In addition to this there is a `SentenceTransformerTrainingArguments` class that allows us to specify all the training parameters.

In [None]:
from sentence_transformers import SentenceTransformerTrainingArguments
from sentence_transformers.training_args import BatchSamplers
 
# load train dataset again
train_dataset = load_dataset("json", data_files="train_dataset.json", split="train")
 
# define training arguments
args = SentenceTransformerTrainingArguments(
    output_dir="bge-base-financial-matryoshka", # output directory and hugging face model ID
    num_train_epochs=4,                         # number of epochs
    per_device_train_batch_size=32,             # train batch size
    gradient_accumulation_steps=16,             # for a global batch size of 512
    per_device_eval_batch_size=16,              # evaluation batch size
    warmup_ratio=0.1,                           # warmup ratio
    learning_rate=2e-5,                         # learning rate, 2e-5 is a good value
    lr_scheduler_type="cosine",                 # use constant learning rate scheduler
    optim="adamw_torch_fused",                  # use fused adamw optimizer
    tf32=True,                                  # use tf32 precision
    bf16=True,                                  # use bf16 precision
    batch_sampler=BatchSamplers.NO_DUPLICATES,  # MultipleNegativesRankingLoss benefits from no duplicate samples in a batch
    eval_strategy="epoch",                      # evaluate after each epoch
    save_strategy="epoch",                      # save after each epoch
    logging_steps=10,                           # log every 10 steps
    save_total_limit=3,                         # save only the last 3 models
    load_best_model_at_end=True,                # load the best model when training ends
    metric_for_best_model="eval_dim_128_cosine_ndcg@10",  # Optimizing for the best ndcg@10 score for the 128 dimension
)

We now have every building block we need to create our `SentenceTransformersTrainer` to start then training our model.

In [None]:
from sentence_transformers import SentenceTransformerTrainer
 
trainer = SentenceTransformerTrainer(
    model=model, # bg-base-en-v1
    args=args,  # training arguments
    train_dataset=train_dataset.select_columns(
        ["positive", "anchor"]
    ),  # training dataset
    loss=train_loss,
    evaluator=evaluator,
)

Start training our model by calling the `train()` method on our `SentenceTransformerTrainer` instance. This will start the training loop and train our model for 4 epochs.

In [None]:
# start training, the model will be automatically saved to the hub and the output directory
trainer.train()
 
# save the best model
trainer.save_model()
 
# push model to hub
trainer.model.push_to_hub("bge-base-financial-matryoshka")

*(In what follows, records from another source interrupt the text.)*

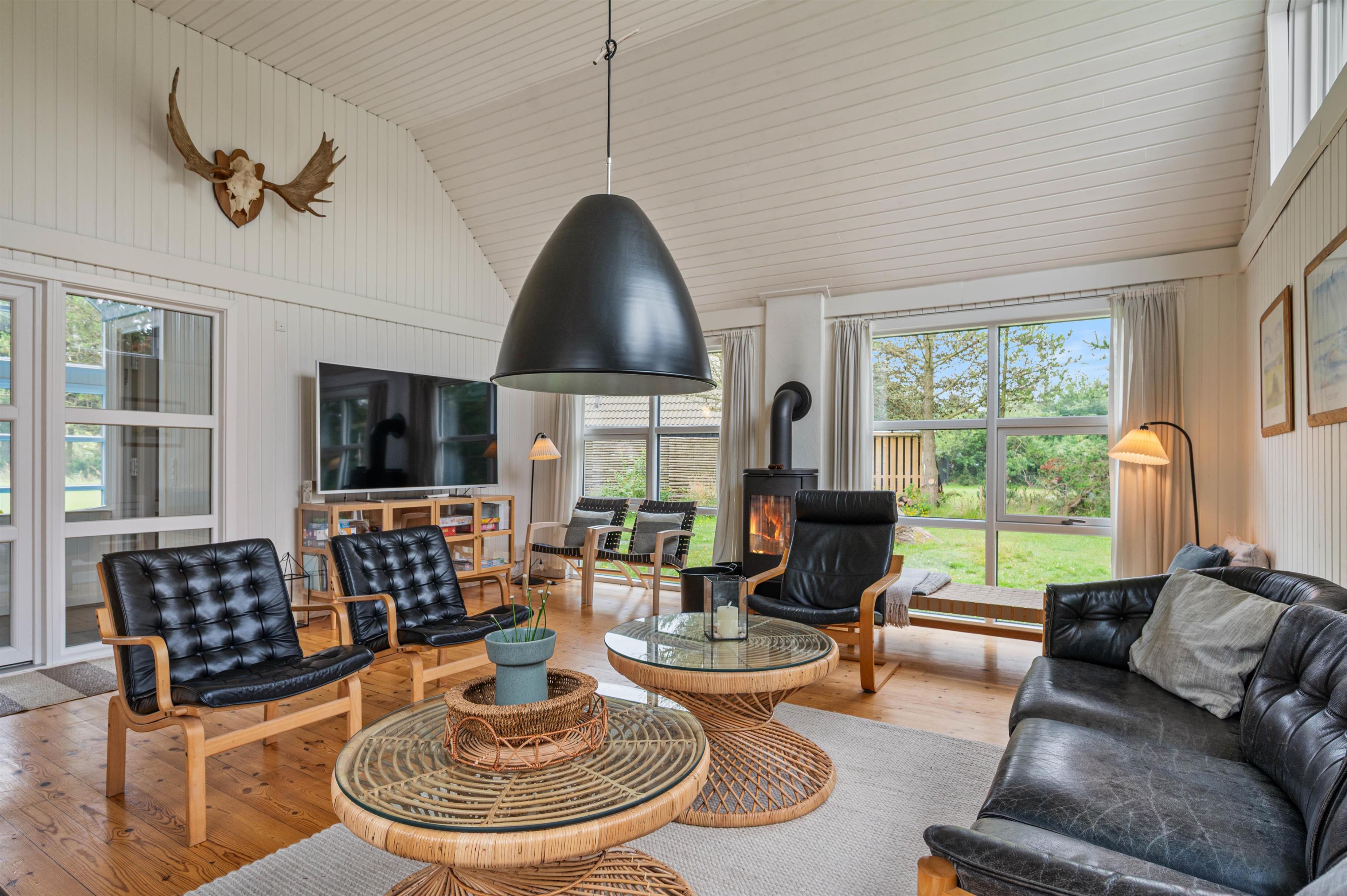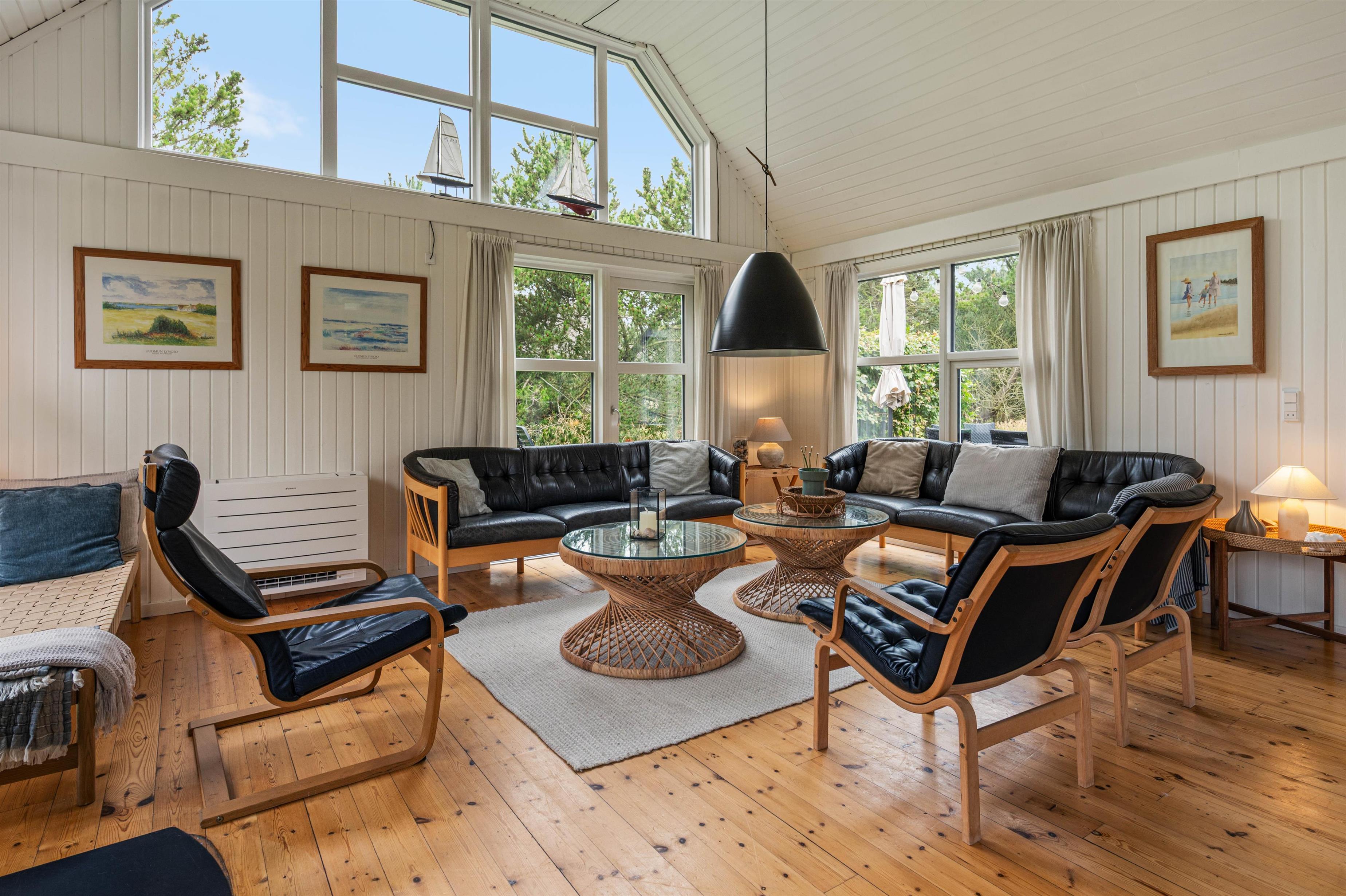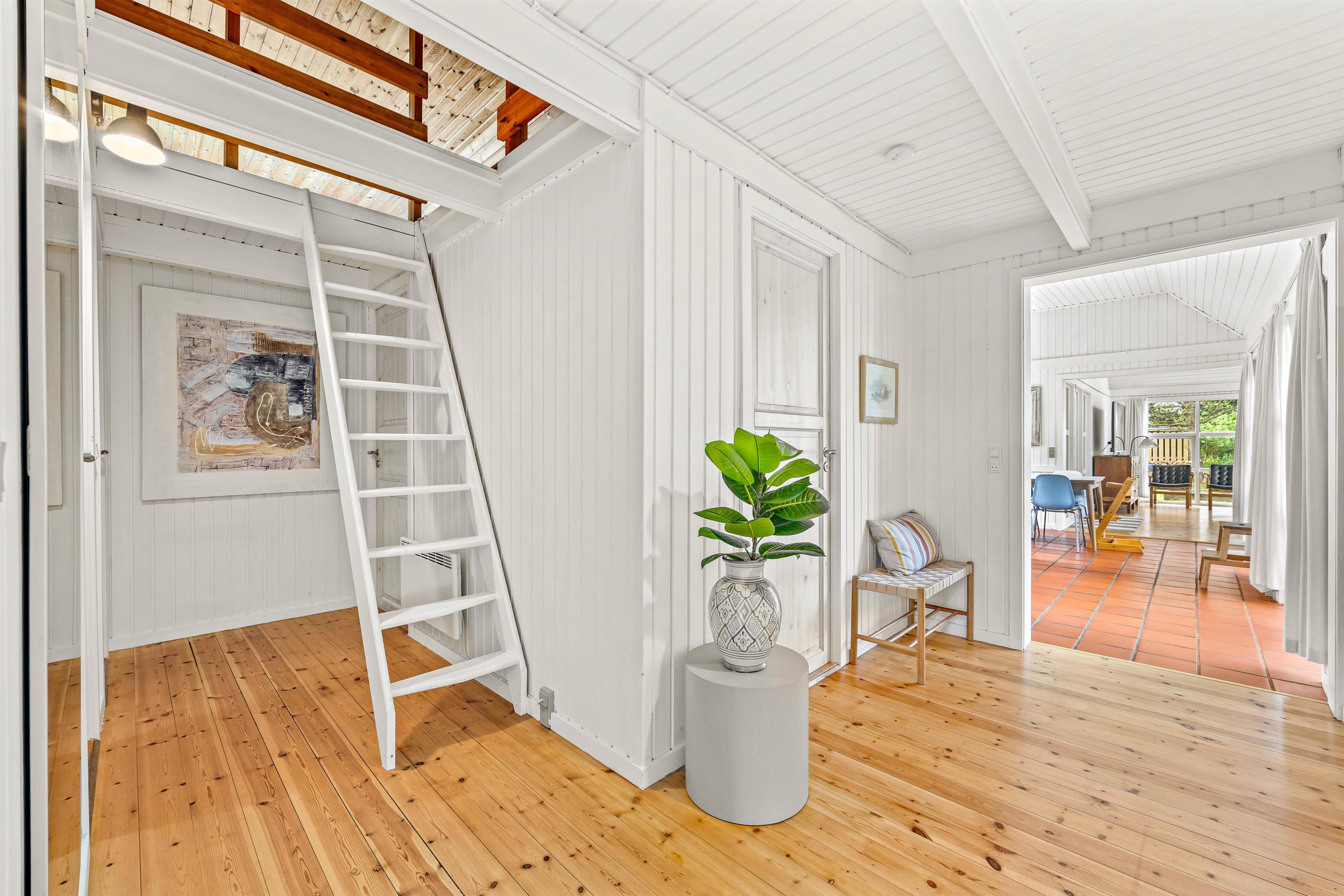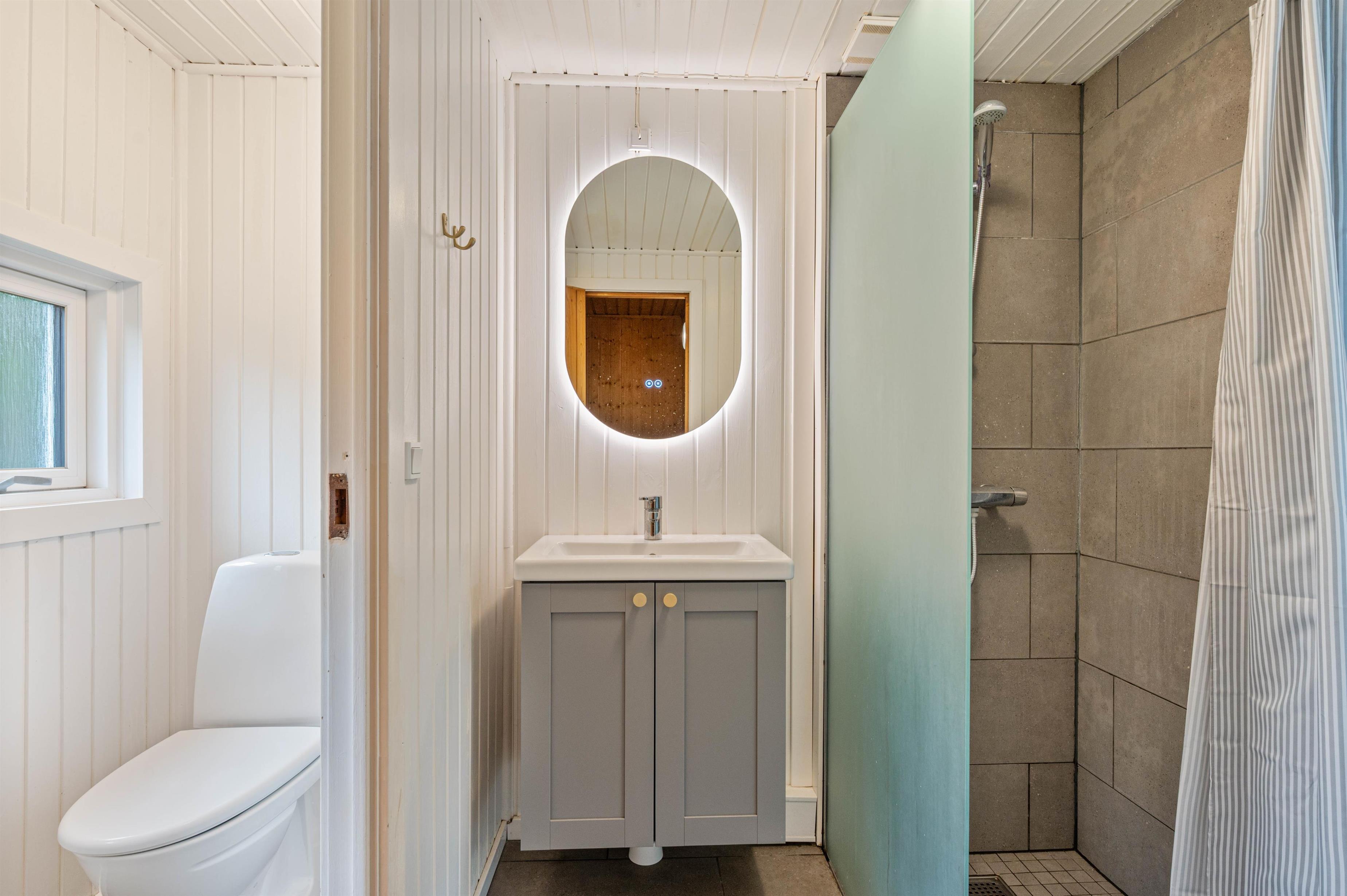 The heart of this summer house at Kollemarken 61 is the welcoming living room. The high-ceilinged space is flooded with natural light through numerous windows, featuring white-painted wooden walls and wooden flooring that creates a cosy atmosphere. In the evening, light the fireplace and enjoy its warming comfort while streaming films via Chromecast.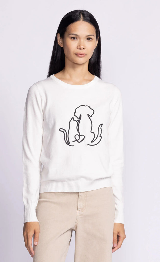 This will be a seasonal best seller based! The Friends Forever Sweater features adorable puppy and kitten embroidery on the front, with cute paw print on the back, all in soft knit fabric. Pair it with jeans or leggings for a cozy, playful look!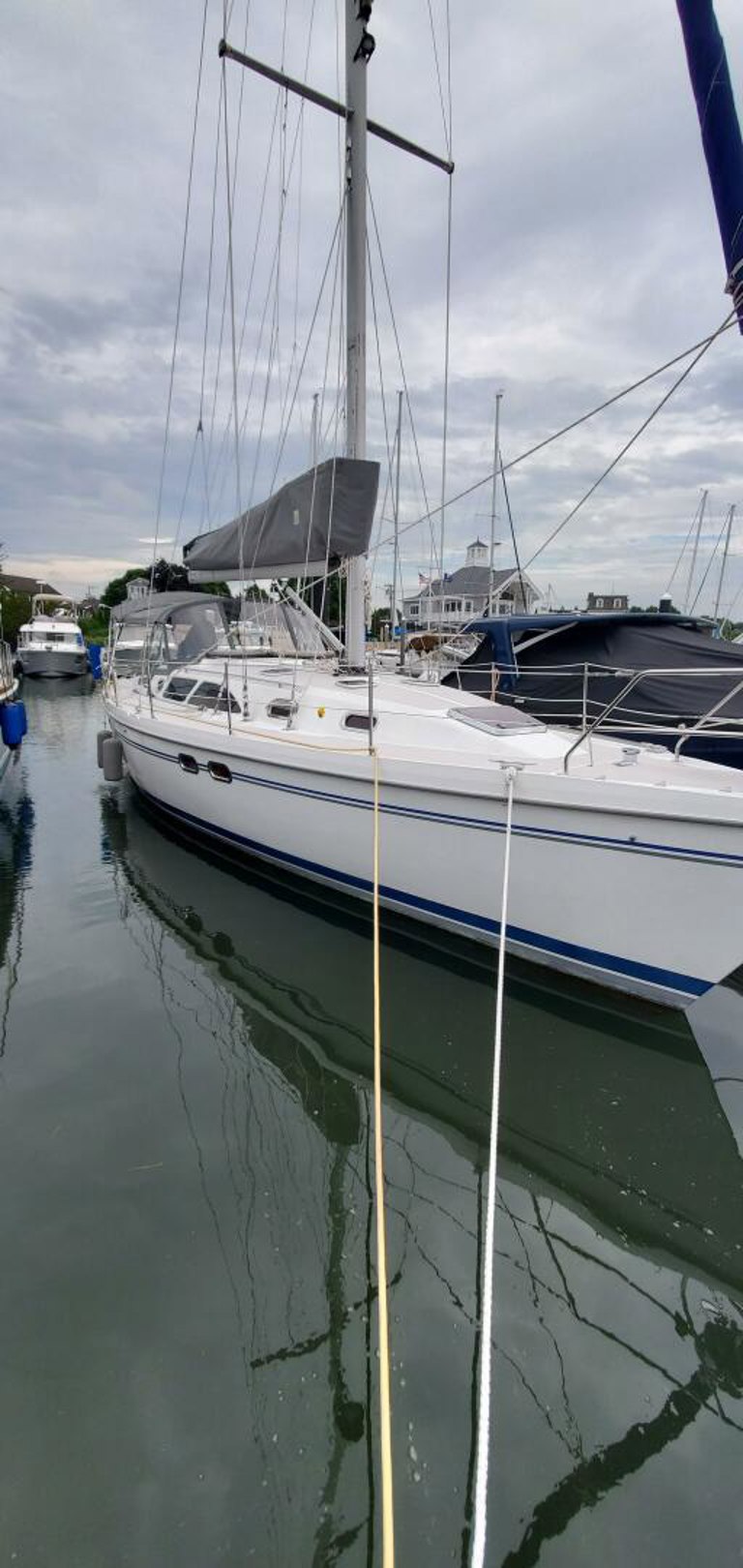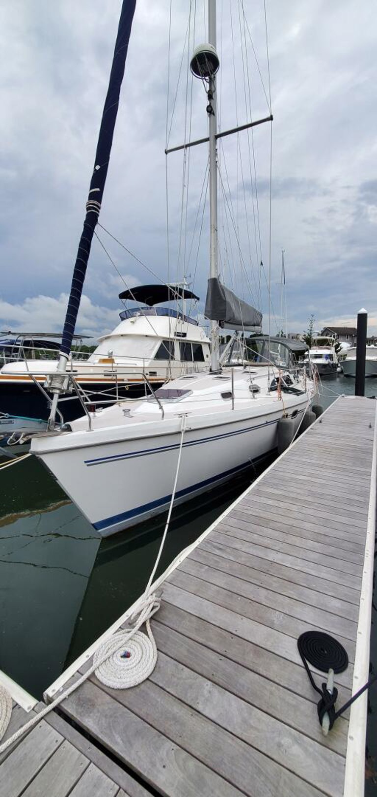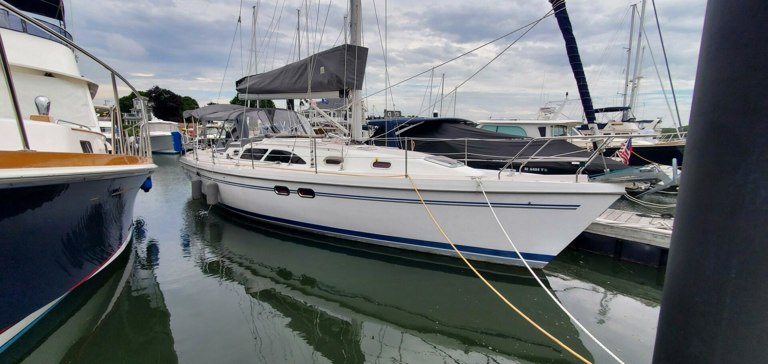 Gratitude, a meticulously maintained 2007 Catalina 387, immediately captivates with her gleaming finish, inviting you aboard. Having spent her first 10 years in fresh water. This comfortable cruiser boasts innerspring mattresses, air conditioning and heat, and solar panels, making her ideal for both short excursions and extended voyages. Her spacious two-cabin layout, features a private aft owner’s cabin and forward V-berth and a salon with an expandable dinette table and ample natural light. Well-equipped for modern cruising, Gratitude includes a comprehensive electrical system with recent Victron battery chargers (2023) and solar power, a Fairclough Winter Cover and much, much more! To truly appreciate “Gratitude’s” exceptional condition and features, please call to arrange a viewing appointment.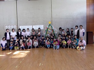 みんなでクリスマスツリーを飾り、サンタさんよりのプレゼント。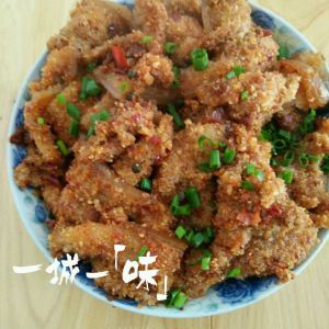我是买的现成的粉蒸肉粉,辣味的,用起来方便,不用再加其他的,里面有粉,有辣椒,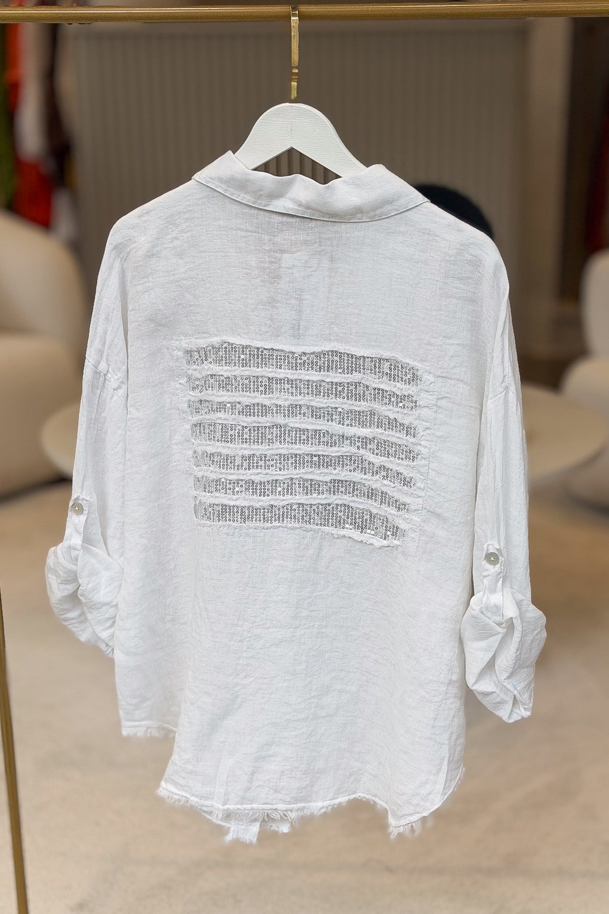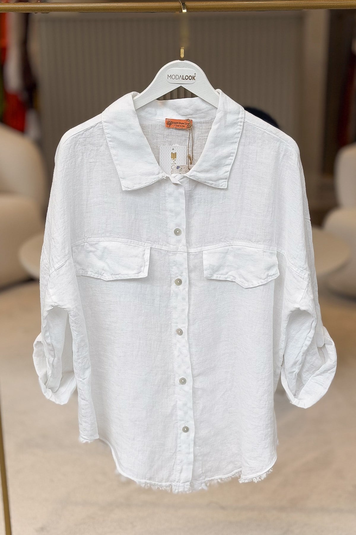 Sırtı Şerit Pullu Çift Cep Görünümlü Keten Gömlek Beyaz Renk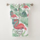 Watercolor Pink flamingos and leaves. Bath Towel Set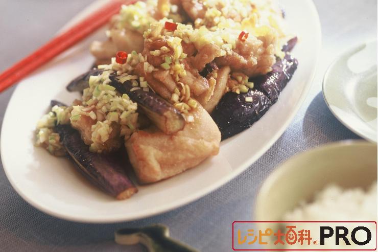 カラッと揚げたチキンとなす、辛味を効かせたタレが相性抜群!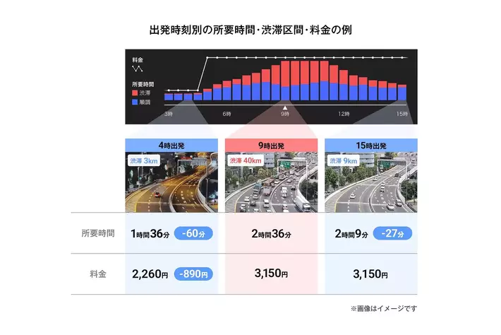~出発時刻を変更した場合の予測所要時間と料金をグラフで表示。オフピーク走行で渋滞回避を実現~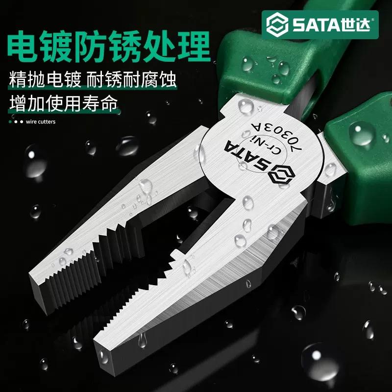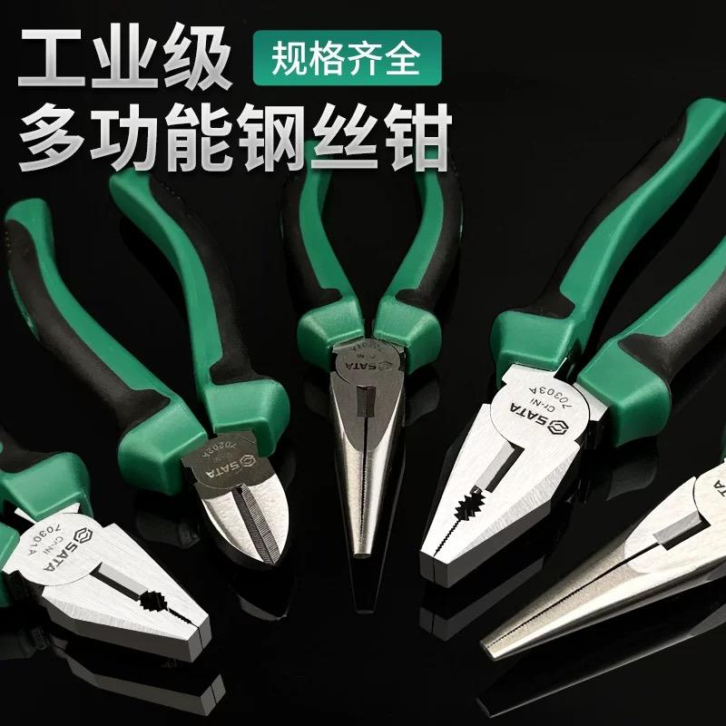 SATA世达老虎钳电工专用斜口钳尖嘴钳多功能工业级钳子偏口钳剪钳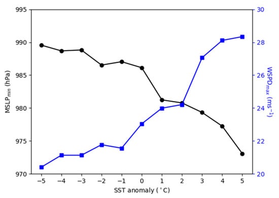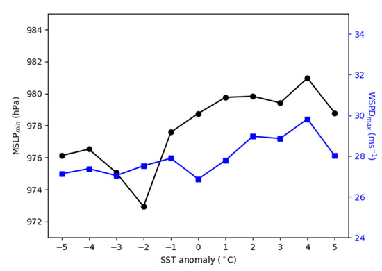 Minimum MSLP (black line) and maximum 10 m wind speed (blue line) at the time of the lowest central MSLP for all SST anomalies.

### 5. Evaluate fine-tuned model against baseline
We use the same `InformationRetrievalEvaluator` to evaluate the performance of our model on a given set of queries and corpus set.

In [None]:
from sentence_transformers import SentenceTransformer
 
fine_tuned_model = SentenceTransformer(
    args.output_dir, device="cuda" if torch.cuda.is_available() else "cpu"
)
# Evaluate the model
results = evaluator(fine_tuned_model)
 
# # COMMENT IN for full results
# print(results)
 
# Print the main score
for dim in matryoshka_dimensions:
    key = f"dim_{dim}_cosine_ndcg@10"
    print(f"{key}: {results[key]}")